Der erste Blick bei der Suchmaschinenoptimierung fällt natürlich auf die URL. Wenn Sie ein Profil zum Beispiel unter www.facebook.com/holger.hogeluecht erreichen, ist das natürlich eine gute Voraussetzung, um auch unter dem Namen in Suchmaschinen wie Google gefunden zu werden. Ebenso funktioniert das bei der Unternehmensseite. Allerdings hat Facebook vor diesen Erfolg die Arbeit gesetzt: Um diese so genannte Vanity-URL zu bekommen, müssen Sie 25 Freunde (beim Profil) oder 25 Fans (bei der Unternehmensseite) haben. Vorher haben Sie die kryptische Darstellung mit undurchsichtigen Zeichenfolgen, die Ihnen nichts nützt. Wenn Sie diese Voraussetzung erfüllen, können Sie unter www.facebook.com/username den Wunschnamen festlegen.

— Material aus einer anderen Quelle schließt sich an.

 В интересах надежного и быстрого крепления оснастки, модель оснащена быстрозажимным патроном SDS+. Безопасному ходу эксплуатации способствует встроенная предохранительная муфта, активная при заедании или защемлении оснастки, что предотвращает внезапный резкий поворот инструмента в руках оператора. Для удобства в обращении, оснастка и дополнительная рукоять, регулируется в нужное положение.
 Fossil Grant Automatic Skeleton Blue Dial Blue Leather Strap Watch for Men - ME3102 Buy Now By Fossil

Was passiert, wenn Sie das getan haben? Wenn nach dem entsprechenden Namen gesucht wird, dann kann der auch unter den Suchergebnissen in Google oder anderen Suchmaschinen erschienen.

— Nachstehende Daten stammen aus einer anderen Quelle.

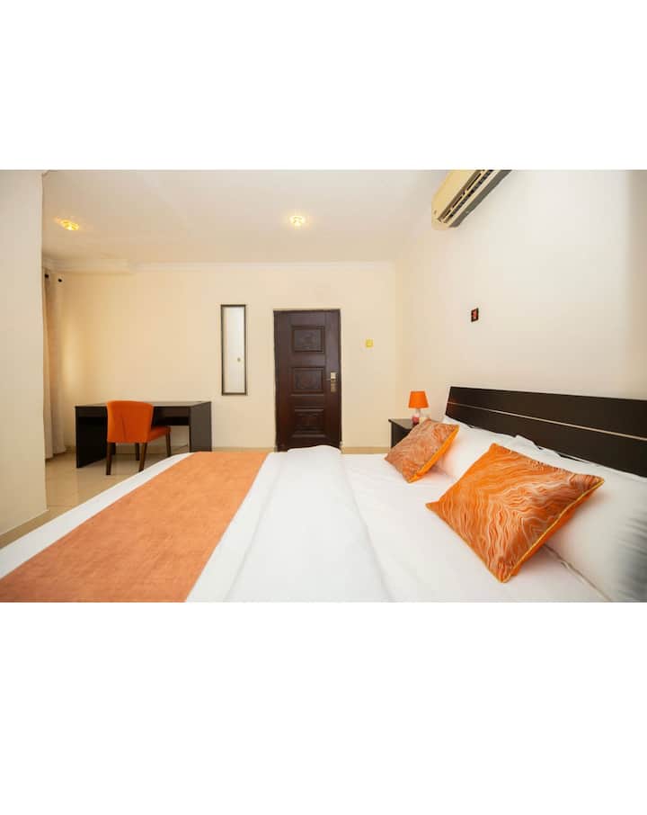 1 chambre confortable avec thème orange

Wenn Sie jetzt viele Freunde haben und der Name entsprechend oft bei Facebook verlinkt wird, könnte man glauben, dass Google die alle verfolgt. Genau das geschieht aber nicht. Es handelt sich hierbei nämlich um so genannte „No-Follow-Links“, sie können also von Google nicht verfolgt werden. Das heißt: Die werden auch nicht als Backlinks auf die eigene Website gewertet, um deren Pagrank zu optimieren. Der Aufbau von Links für die Suchmaschinenoptimierung geschieht indirekt. Heißt: Suchmaschinenoptimierung mit Facebook betreiben Sie, in dem Sie guten Content auf Ihrer Website präsentieren, der von anderen Facebook-Usern weiterverlinkt wird (viraler Effekt), auch wenn diese Links dann ebenfalls nicht von Google indiziert werden. Aber über diese Links kommen Leute auf dem Weg über Ihre Facebook-Unternehmensseite auf Ihre Website oder Ihren Blog, Sie haben also anstatt über Suchmaschinen die Besucher Ihrer Website über Facebook erhalten. Logisch ist: Je besser Ihre Inhalte, desto höher das Interesse!
Was Sie aber in Sachen Suchmaschinenoptimierung mit Facebook machen sollten: Facebook selbst optimieren. Sie können nämlich vergleichbar zu jeder anderen Website auch Ihre Facebook-Seiten für Suchmaschinen optimieren! So können Sie zum Beispiel bei der Wahl der passenden Vanity-URL (ab 25 Fans) neben dem Firmennamen auch das wichtigste Suchwort zusätzlich wählen. Oder das Produkt, das Sie vermarkten. Hier haben Sie freie Wahl, wenn der Name noch nicht vergeben ist.
Weitere Methoden der Suchmaschinenoptimierung mit Facebook: Fügen Sie in die Texte der Facebook-Seite Ihre wichtigsten Keywords ein, empfohlen ist eine Keywordsichte von drei bis sieben Prozent. Weiterhin sinnvoll: Wenn Sie von außen, also zum Beispiel Ihrer Website, auf Ihre Facebook-Seite verlinken, schreiben Sie als Linktext ebenfalls ihr Hauptkeyword. Und natürlich in die Vanity-URL. Ebenfalls äußerst wirkungsvoll ist es, die Funktion Notizen regelmäßig mit Notizen zu den Keywords und Links auf Ihre Website zu füllen. Und schließlich empfehlen Experten noch, die Funktion „Diskussionen“ zu nutzen. Starten Sie Diskussionen, die Ihre Hauptkeywords enthalten. Wenn Diskussion mit diesen Keywords entsteht, umso besser für Sie!
Diese grundsätzlichen Methoden der Suchmaschinenoptimierung mit Facebook unterstützen Sie, um mit Ihren Keywords in den Suchmaschinen gefunden zu werden. Und wenn es Ihnen gelingt, mit Ihren Seiten bei Facebook, Twitter, Xing und vielleicht noch Ihrem Blog und Youtube in Google gelistet zu sein, um so besser für Sie! Ein Unternehmen, das über so viele Wege erreichbar ist, bekommt zwangsläufig viele Klicks und erweist sich als absolut kompetent und interessant!